Exercise details:
Exactly the lines below, starting with the one containing "深圳市華為技術(shù)有限" and going on through the one containing "This St. Patrick's", must be reproduced, both ends included, and no pictures with them.

┄┄┄┄┄┄┄┄┄┄

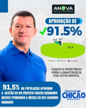 Uma recente pesquisa de opinião pública realizada pelo Instituto ANOVA revelou que a gestão do prefeito de Serra Redonda, Chicão Bernardo, alcança expressivos 91,5% de aprovação popular nos primeiros seis meses de seu segundo mandato.
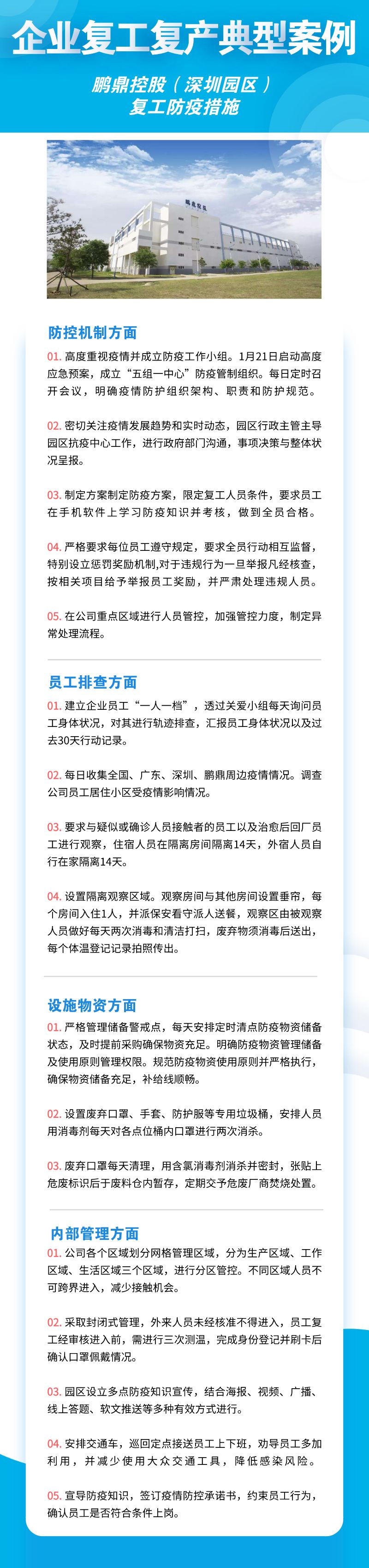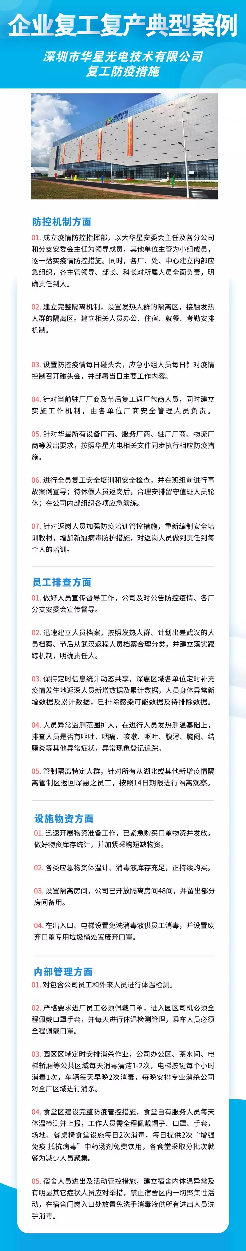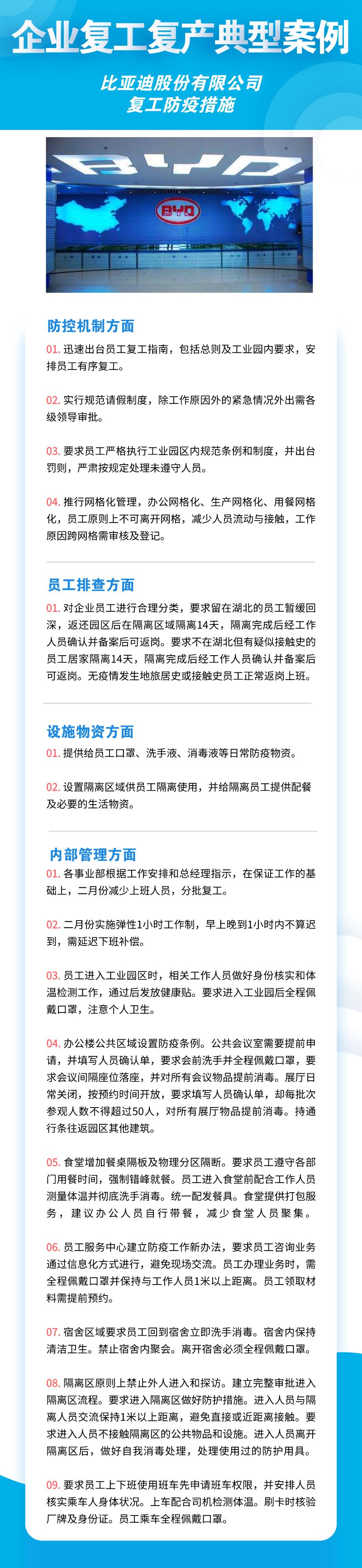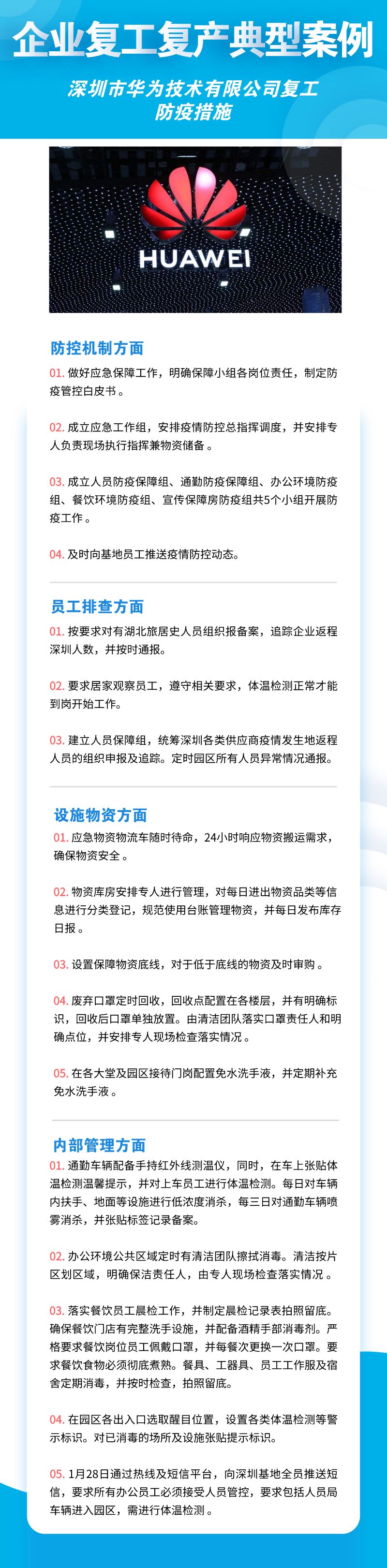 深圳市華為技術(shù)有限公司、聯(lián)想系統(tǒng)集成(深圳)有限公司、深南電路股份有限公司、比亞迪股份有限公司、創(chuàng)維集團(tuán)股份有限公司等8家公司,從防控機(jī)制、員工排查、設(shè)施物資、內(nèi)部管理四個方面來落實(shí)疫情防控措施,包括成立企業(yè)疫情防控小組、建立企業(yè)防控機(jī)制、提升員工防控意識、劃分隔離區(qū)域、宿舍食堂等區(qū)域消殺等舉措。
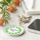 This St. Patrick's Day-themed product features your own words or slogan (which you fill in) surrounded by a cheery Kelly green shamrocks circular border or frame against a crisp white background. To further customise this design, you can change the background colour by clicking the Customise button above. You can also change the font type, size and colour to whatever you wish.
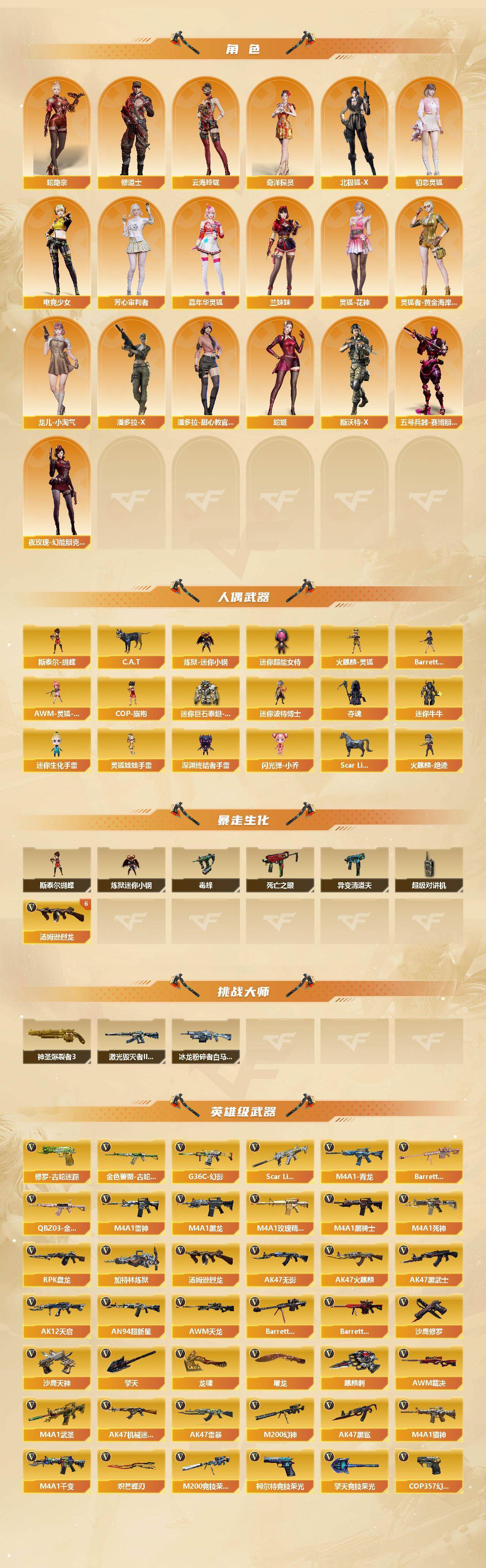 - [12713758]山西一区-43V-20王者-0炫金 【热门武器】:QBZ03-金色蔷薇,Scar Light-白虎,M200-幻神,白虎-电玩蓝兔,柯尔特-冠军之特,Kar98K-星神,Knife-冠军之刃 【王者炫金武器】:王者之圣,王者之城,王者蔷薇 【音效卡】:屠龙-动感闪耀 音效卡,M200-幻神音效卡,AK47-火麒麟音效卡,M4A1-黑骑士音效卡,Barrett-极光音效卡,QBZ03-金色蔷薇音效卡,Scar Light-白虎音效卡 【稀有皮肤】:幻神-周瑜皮肤,幻神-宠儿-2021MVP,幻神-巅峰荣耀,白虎-电玩粉兔皮肤,QBZ03-冠军之薇,雷神-荣耀之魄,火麒麟-冠军之心,火麒麟-平天大圣,火麒麟-心动糖果,毁灭-荣耀之怒,毁灭-冠军之怒 【角色】:王者潘多拉,王者沙漠玫瑰,魅影,荒漠琉璃,隼,战地猎狐,女主播 【人偶武器】:白虎-迷你小艾,巴雷特-零-水下丽影,AWM-灵狐-15周年嘉年华,迷你超能女侍 【暴走生化】:超级对讲机 【挑战大师】:神圣爆裂者-末日III,VEPR-12-金魔,冰龙粉碎者-白马银枪*2 【英雄级武器】:USP-神工天巧*2,擎天-竞技荣光,高爆手雷-竞技荣光,烟雾弹-竞技荣光,闪光弹-竞技荣光,烈火-动感闪耀,天神-动感闪耀,屠龙-动感闪耀,手雷-动感闪耀,QBZ03-金色蔷薇,Scar Light-白虎,白虎-电玩蓝兔,无影-神兵利器,M4A1-雷神,AK47-火麒麟,Barrett-毁灭,Barrett-极光,QBZ03-天罚,Kar98K-星神,M200-幻神,黑武士-锦绣游龙,AK-47-猩红传说,M4A1-赤狱骑士,柯尔特-冠军之特,沙鹰-天神*2,麒麟刺,屠龙*2 【特殊枪械】:1白虎
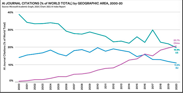 中国的研究人员在过去发表的关于人工智能的研究论文最多,在2017年就处于领先地位。截至2020年,中国学者的论文被外国学者引用的数量也是最多的。

┄┄┄┄┄┄┄┄┄┄

Task response:
 深圳市華為技術(shù)有限公司、聯(lián)想系統(tǒng)集成(深圳)有限公司、深南電路股份有限公司、比亞迪股份有限公司、創(chuàng)維集團(tuán)股份有限公司等8家公司,從防控機(jī)制、員工排查、設(shè)施物資、內(nèi)部管理四個方面來落實(shí)疫情防控措施,包括成立企業(yè)疫情防控小組、建立企業(yè)防控機(jī)制、提升員工防控意識、劃分隔離區(qū)域、宿舍食堂等區(qū)域消殺等舉措。
 This St. Patrick's Day-themed product features your own words or slogan (which you fill in) surrounded by a cheery Kelly green shamrocks circular border or frame against a crisp white background. To further customise this design, you can change the background colour by clicking the Customise button above. You can also change the font type, size and colour to whatever you wish.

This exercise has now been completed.